**WORKING DATA:**
== Segment start ==
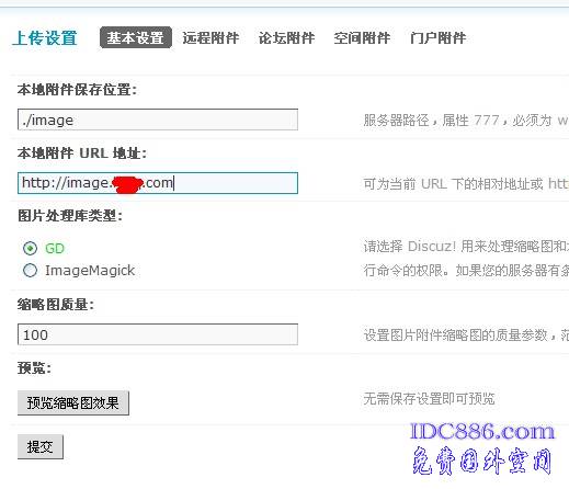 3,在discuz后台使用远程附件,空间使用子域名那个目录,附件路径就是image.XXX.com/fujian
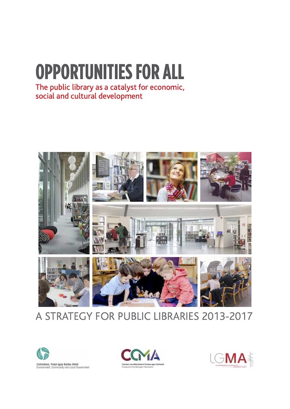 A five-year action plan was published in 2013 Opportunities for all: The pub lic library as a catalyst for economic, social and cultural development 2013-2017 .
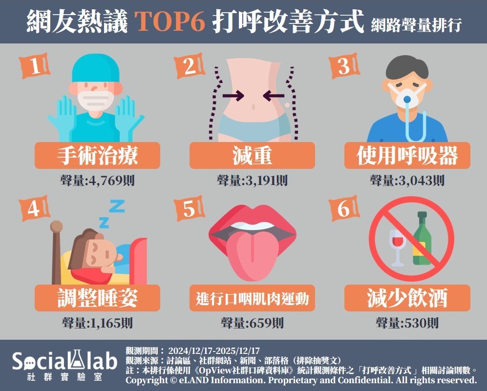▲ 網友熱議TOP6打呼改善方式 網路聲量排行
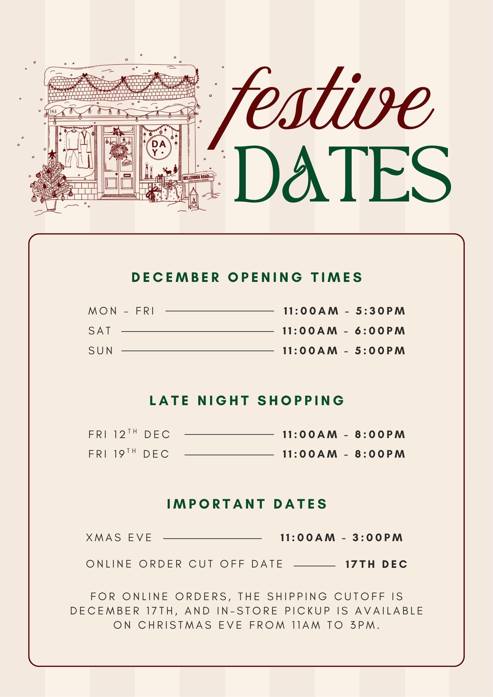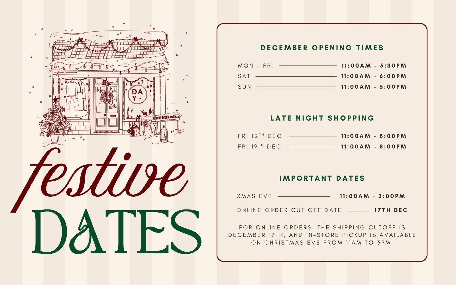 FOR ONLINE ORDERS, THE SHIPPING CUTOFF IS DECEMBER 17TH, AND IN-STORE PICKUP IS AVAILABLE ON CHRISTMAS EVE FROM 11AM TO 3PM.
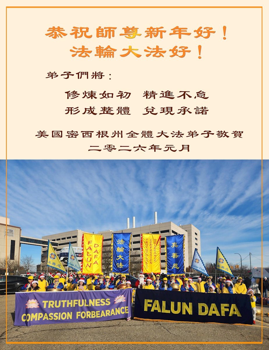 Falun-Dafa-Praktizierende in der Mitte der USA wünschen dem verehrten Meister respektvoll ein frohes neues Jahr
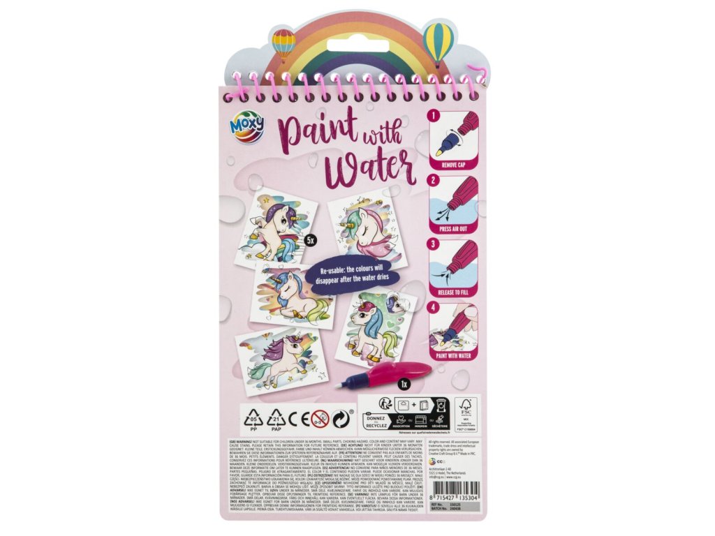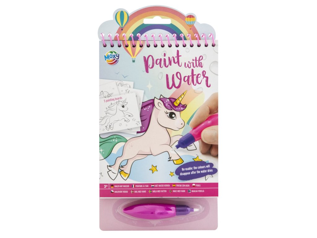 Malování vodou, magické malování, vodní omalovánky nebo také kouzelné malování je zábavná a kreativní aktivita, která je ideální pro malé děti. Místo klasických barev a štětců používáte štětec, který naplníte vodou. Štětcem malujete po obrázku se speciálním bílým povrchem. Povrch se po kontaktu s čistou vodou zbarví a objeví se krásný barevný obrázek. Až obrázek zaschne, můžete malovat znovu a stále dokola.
== Segment end ==
**YOUR TASK:**
Restate the data above word for word. Skip every picture.

**ANSWER TO THIS EXERCISE:**
 3,在discuz后台使用远程附件,空间使用子域名那个目录,附件路径就是image.XXX.com/fujian
 A five-year action plan was published in 2013 Opportunities for all: The pub lic library as a catalyst for economic, social and cultural development 2013-2017 .
▲ 網友熱議TOP6打呼改善方式 網路聲量排行
 FOR ONLINE ORDERS, THE SHIPPING CUTOFF IS DECEMBER 17TH, AND IN-STORE PICKUP IS AVAILABLE ON CHRISTMAS EVE FROM 11AM TO 3PM.
 Falun-Dafa-Praktizierende in der Mitte der USA wünschen dem verehrten Meister respektvoll ein frohes neues Jahr
 Malování vodou, magické malování, vodní omalovánky nebo také kouzelné malování je zábavná a kreativní aktivita, která je ideální pro malé děti. Místo klasických barev a štětců používáte štětec, který naplníte vodou. Štětcem malujete po obrázku se speciálním bílým povrchem. Povrch se po kontaktu s čistou vodou zbarví a objeví se krásný barevný obrázek. Až obrázek zaschne, můžete malovat znovu a stále dokola.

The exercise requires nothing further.